La troisième partie se déroule dans les années 70, Bucky est vieux et infirme. Ses membres sont atrophiés et il n’a jamais pu devenir l’athlète qu’il rêvait d’être. Il a arrêté d’enseigner la gymnastique et a refusé de faire sa vie avec Marcia. Il a renoncé à la vie. Le drame collectif est devenu un drame personnel et les êtres humains cherchent à trouver du sens dans chaque catastrophe. En refusant d’obéir aux règles, c’est Dieu que Bucky a défié et le châtiment céleste en a été d’autant plus grand. Faut-il absolument chercher la cause ? En sacrifiant sa vie, en s’autopunissant, Bucky, plein d’orgueil, se place comme le protagoniste de cette tragédie alors même qu’elle n’appelle pas de réponse.

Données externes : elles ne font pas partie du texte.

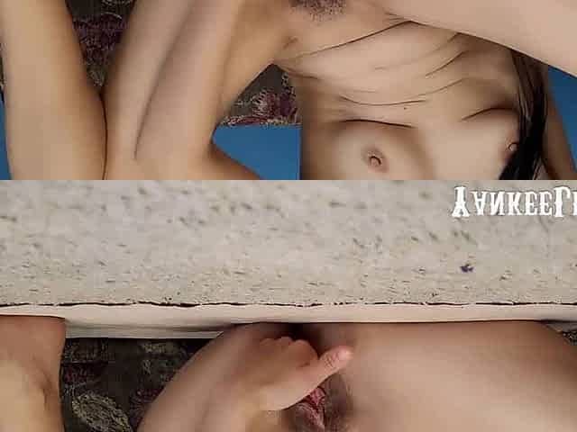 Solo brunette hair angel Polly Yangs with widen legs with fingers and a sex tool pleases a hairless twat in

Bien que le texte soit romanesque il vient mettre en exergue les concepts d’hubris et de némésis qui sont au cœur de toutes les tragédies grecques. Autrement dit la démesure appelle la sanction divine. Cela laisse entendre que notre destin serait gouverné par une force cosmique. Dans la pièce, le jeu, la vidéo, la musique et l’atmosphère sonore viennent soutenir la narration. Bien que le spectacle rappelle le trouble et les dérèglements liés à l’affolement et l’effroi face à l’épidémie de la covid, il manque de complexité. La mise en scène est certes ultra maitrisée mais elle semble parfois simplifier les situations et les intrications qui sont en train de se jouer face à la teneur des évènements.